如何在弹性搜索中分组结果? [英] How to group results in elasticsearch?

查看:97
本文介绍了如何在弹性搜索中分组结果?的处理方法,对大家解决问题具有一定的参考价值,需要的朋友们下面随着小编来一起学习吧!

问题描述

我正在弹性搜索中存储书名,它们都属于很多商店。像这样:

  {
books:[
{
id 1,
title:Title 1,
store:store1
},
{
id:2,
title:Title 1,
store:store2
},
{
id:3,
title 标题1,
store:store3
},
{
id:4,
title:Title 2
store:store2
},
{
id:5,
title:Title 2,
商店:store3
}
]
}

如何获取所有的书籍,并按标题分组,每组一个结果(一行与同一个标题组合,以便我可以获得所有的ids和商店)?



基于数据a我想要获得两个结果,其中包含所有ids和商店。



预期结果:

  {
hits:{
total:2,
hits:[
{
0
title:Title 1,
group:[
{
id:1,
store:store1
},
{
id:2,
store:store2
},
{
id ,
store:store3
},
]
}
},
{
1:{
title:Title 2,
group:[
{
id:4 ,
store:store2
},
{
id:5,
store:store3
}
]
}
}
]
}
}


解决方案

您在寻找的是不可能的弹性搜索,至少不与当前版本(1.1)。



有一个很长的杰出的这个功能的问题有很多+ 1和需求背后。



至于声明: Simon说,它需要大量的重构,虽然它是有计划的,但是没有办法说明什么时候实施甚至发货。



克林顿·戈姆利在他的网络研讨会上发表了类似的声明>,该分组需要做很多努力才能正确,特别是因为Elasticsearch是一个分层和分散的环境。这不是一个很大的交易,如果你不理会分片,但Elasticsearch只想运送功能,可以扩展整个系统,并在数百台机器上工作,就像在一个单一的盒子。 / p>

如果您没有绑定到Elasticsearch, Solr offers这样的功能



否则,目前可能最好的解决方案是做这个客户端。也就是说,查询一些文档,对您的客户端进行分组,如果需要,可以获取更多结果以满足您所需的组大小(据我所知,这是Solr正在开展的工作)。



不完全是你想要的,但你也可以去聚合;为标题创建一个桶,并在 id 字段上完成子集合。您不会得到存储的值,但您可以从数据存储区中获取它们。



{
aggs:{
titles:{
terms:{field:title},
aggs:{
ids:{
terms:{field:id}
}
}
}
}
}

编辑通过 top_hits聚合,结果分组即将实施。


I am storing Book Titles in elasticsearch and they all belong to many shops.

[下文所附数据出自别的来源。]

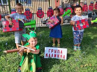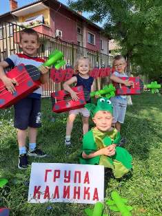 Малките калинки отговориха на този въпрос като си направиха концерт с уникални калинени китари, направени от рециклирани материали. Усмивките не слизаха от личицата на малчуганите, защото се радваха на заслужените аплодисменти, които получиха. Децата се наслаждаваха на топлите слънчеви дни като не пропуснаха възможността да включат и водните игри в своите забавления, които разбира се, са безценно удоволствие за всеки малък палавник. Двора на ДГ се превърна в моден подиум, на който малчуганите умело дефилираха като истински манекени, представяйки любимите си официални облекла и модни аксесоари. Децата се превъплатиха и в ролята на креативни модни дизайнери, които разработиха общ проект и създадоха голяма цветна пеперуда, която пренесе децата в света на приказките. Всички разнообразни летни дейности бяха инициирани от екипа на група "Калинка", обединен в една обща цел - грижа с любов и внимание за възпитание, обучение и свободно изявяване талантите на всяко дете.

Like this:

{
    "books": [
        {
            "id": 1,
            "title": "Title 1",
            "store": "store1" 
        },
        {             
            "id": 2,
            "title": "Title 1",
            "store": "store2" 
        },
        {             
            "id": 3,
            "title": "Title 1",
            "store": "store3" 
        },
        {             
            "id": 4,
            "title": "Title 2",
            "store": "store2" 
        },
        {             
            "id": 5,
            "title": "Title 2",
            "store": "store3" 
        }
    ]
}

How can I get all the books and group them by title... and one result per group (one row with group with the same title so i can get all ids and stores)?

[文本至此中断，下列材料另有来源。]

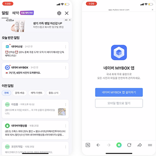 네이버 MYBOX에 저장된 과거 사진을 확인하라는 안내인데, 흥미로운 점은 "열어보세요"처럼 행동을 직접 요구하지 않는다는 점이에요. 대신 이미 무언가가 도착했다는 상태 전달에 가까운 문구로 호기심을 자극합니다.
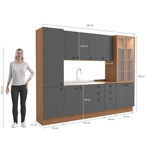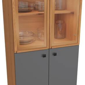 Com seis peças, incluindo cristaleira, paneleiro, balcão de pia, gaveteiro e aéreos, ele se adapta a todos os espaços e você terá amplo espaço para organizar louças, mantimentos e demais itens. Com 2,20m de altura e 2,80m de largura, ele conta com uma combinação de cores linda. O corpo traz o aconchego da cor canela, em pintura touch com a textura dos veios da madeira, enquanto as frentes, em acabamento BP fosco, contam com a sofisticação do cinza sagrado e maior resistência contra riscos, arranhões e gotas d'água.

Based on data above I want to get two results with all ids and stores in them.

Expected results:

{
"hits":{
    "total" : 2,
    "hits" : [
        {                
            "0" : {
                "title" : "Title 1",
                "group": [
                     {
                         "id": 1,
                         "store": "store1"
                     },
                     {
                         "id": 2,
                         "store": "store2"
                     },
                     {
                         "id": 3,
                         "store": "store3"
                     },
                ]
            }
        },
        {                
            "1" : {
                "title" : "Title 2",
                "group": [
                     {
                         "id": 4,
                         "store": "store2"
                     },
                     {
                         "id": 5,
                         "store": "store3"
                     }
                ]
            }
        }
    ]
}
}

解决方案

What you are looking for is not possible in Elasticsearch, at least not with the current version (1.1).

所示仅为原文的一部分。